Ordinary Account (OA): Money in this account can be used for housing, insurance, investment, and education. The CPF OA grows at an interest rate of 2.5 per cent per annum*.
Special Account (SA): This account provides for long-term needs, and can be used to pay for approved, retirement-related products. Check with your own insurer on how you can best utilise funds in this account. The CPF SA grows at an interest rate of 4 per cent per annum*.
Medisave Account (MA): If you are hospitalised, the relevant expenses can be paid out of this account. It can also be used to pay for approved medical insurance products. The CPF MA grows at an interest rate of 4 per cent per annum*.
The interest rate on your CPF accounts will increase by a further 1 per cent, after you accumulate your first S$60,000 in it (combined across all accounts, including S$20,000 in your OA).
*The CPF interest rate is for July 2015 to September 2015 and are pegged to prevailing market interest rates.
Okay … But which CPF account can I use to buy new shoes?
Erm. None of them. Your CPF funds generally can’t be touched, except for housing, healthcare, and to pay for insurance. You can also use a portion of your CPF money for investment (the CPF Investment Scheme, or CPFIS), but any returns from CPF investments go back into your CPF account, not your bank account. Invest wisely: Losses made from CPF investments will not be replaced by the government.

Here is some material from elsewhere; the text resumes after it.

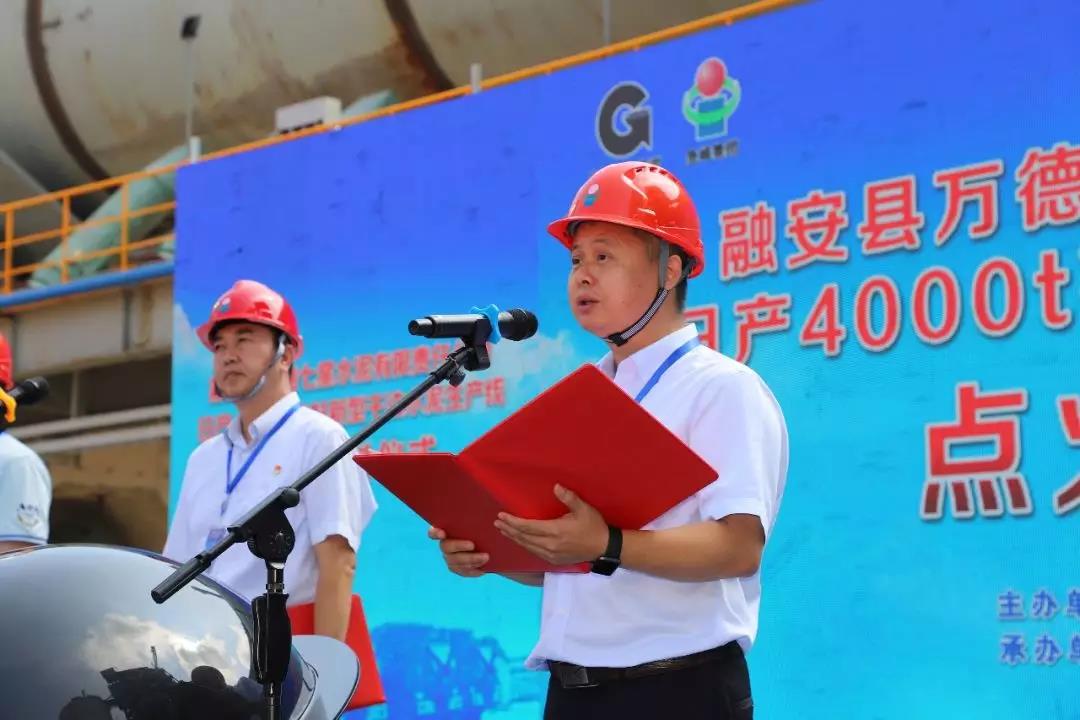 融安縣委書記陳宏在致辭中表示,融安縣萬德七星水泥有限責任公司新型干法水泥生產(chǎn)線技改項目點火投料,標志著融安縣有史以來投資規(guī)模最大的工業(yè)項目全面竣工試產(chǎn)。是融安縣企業(yè)兼并重組、產(chǎn)業(yè)轉(zhuǎn)型升級示范性項目。項目的建設對優(yōu)化縣工業(yè)結(jié)構(gòu)、完善工業(yè)產(chǎn)業(yè)布局、擴大就業(yè)機會和推動縣域經(jīng)濟發(fā)展等方面都具有十分重要的意義。希望萬德七星水泥有限責任公司以點火投料為契機,繼續(xù)發(fā)揮自身產(chǎn)業(yè)優(yōu)勢,優(yōu)化經(jīng)營管理,在融安這片充滿生機和活力的熱土上大展宏圖,創(chuàng)造出更加輝煌燦爛的業(yè)績、為融安縣建設柳州市域次中心城市作出積極貢獻。

Also, you’re not going to be able to see some of this money till you’re 55.
Ooh, what happens when I’m 55?
When you reach 55, a Retirement Account (RA) will be created and savings from your SA and OA will be transferred to this RA to form your retirement sum. This will be used to buy a CPF LIFE annuity to provide you with monthly payouts for life, from the age 65 (the current payout eligibility age).

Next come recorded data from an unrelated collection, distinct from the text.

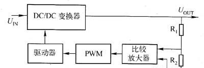 其中DC/DC變換器用以進行功率轉換,它是電源適配器的核心部分,此外還有啟動、過流與過壓保護、噪聲濾波等電路?輸出采樣電路(R1?R2)檢測輸出電壓變化,并與基準電壓U,比較誤差電壓經過放大及脈寬調制(PWM)電路,再經過驅動電路控制功率器件的占空比,從而達到調整輸出電壓大小的目的。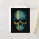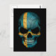 This unique design by artist Jeff Bartels features the flag of Sweden on a dark skull. Rough textures and large cracks give the skull an old and damaged appearance. The background can be customised to any colour you like to make it your own. This unique Swedish flag skull is a stylish way to show off your pride and patriotism.
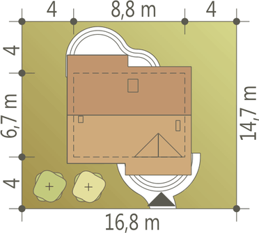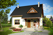 Graficzne opracowanie rzutów poglądowych widocznych na karcie projektu zostało wykonane przez Extradom.pl. Prezentowane przez Extradom.pl wizualizacje wykonane zostały przez autora projektu i należy poczytywać je jedynie za przykład i propozycję wykończenia, wizję architektoniczną autora projektu. Ostateczne wykończenie budynku może nastąpić na wiele sposobów. Szczegółowe rozwiązania zastosowane w oferowanej dokumentacji - w tym również ilość, lokalizacje i wygląd okien, drzwi, kominów - mogą w niewielkim stopniu różnić się od prezentowanej wizualizacji budynku.

Those who turn 55 in 2015 can also withdraw a portion of savings from their OA and SA as long as certain requirements are met. However, seeing that you’re just starting out in your career, we’ll avoid going into the finer details of the current withdrawal amounts or requirements as they might not even be relevant by the time you’re ready to retire. The important thing to note is that you will probably not be able to take all of your CPF funds out at 55 and therefore should consider making sufficient investments now so that you don’t just have to depend on your CPF to be financially comfortable in the future.

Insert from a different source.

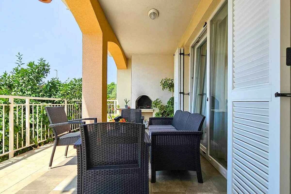 Novigrad, frazione Šaini. L' appartamento vacanze si trova in una trama del giardino chiuso con prato e fiori, delimitata da una recinzione e una siepe. Il proprietario non abita nella casa o nella proprietá. L'accesso avviene vicino a una strada secondaria (asfaltata). Parcheggio (per 1 auto) sulla proprietà.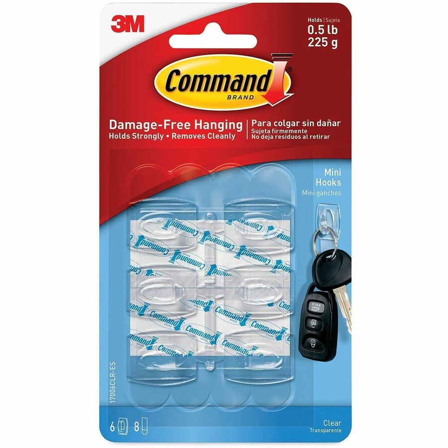 Forget about nails, screws and tacks. Command Clear Mini Hooks offer a fast, easy way to hang and hold a surprising amount of weight. Command Adhesive sticks to many surfaces, including paint, wood, tile and more, yet comes off leaving no holes, marks, sticky residue or stains. Rehanging is as easy as applying a Command Refill Strip so you can take down, move and reuse them again and again. |

So you’re saying that if I just depend on my CPF it won’t be enough for me to enjoy my life when I’m done working for other people?
It totally depends on your wants and needs. Some of you may feel that your CPF contributions will sufficient to tide you through your later years in life. Others might desire living a little larger in their older years.. There is no right or wrong answer – only your answer.
Remember though, a critical factor to consider is that dreaded inflation rate risk. The prices of goods go up with time, and a dollar today will not be worth a dollar in the year 2060. This is why in your grandparents’ day, a stick of satay could cost two cents, or a pair of good shoes went for S$5. For five bucks today, you’d be lucky to get a decent meal at a mall’s food court.
Now I have to worry about acronyms and inflation? Come on!
Yup! Welcome to adulthood, where backaches, high blood-pressure and inflation await!
In Singapore, the inflation rate is around 3 per cent per annum. Note that most bank accounts will, on average, only provide 0.125 per cent interest on your savings, so just leaving money in your bank account isn’t going to cut it.
At an OA rate of up to 3.5 per cent, the CPF gives you a slight lead against inflation. If possible, try to complement what you are accumulating in CPF with a good insurance plan that you get into earlier in the game. Speak to a financial advisor to make sure you’re on the right track. There are many different insurance endowment plans out there, some of them may even provide returns of around 5 per cent per annum. That means with an early start and combined with the CPF interest you’re already getting, you could be less concerned about inflation rates than you are about the inflation of your waistline when you’re 55.
And now you know CPF. Achievement unlocked.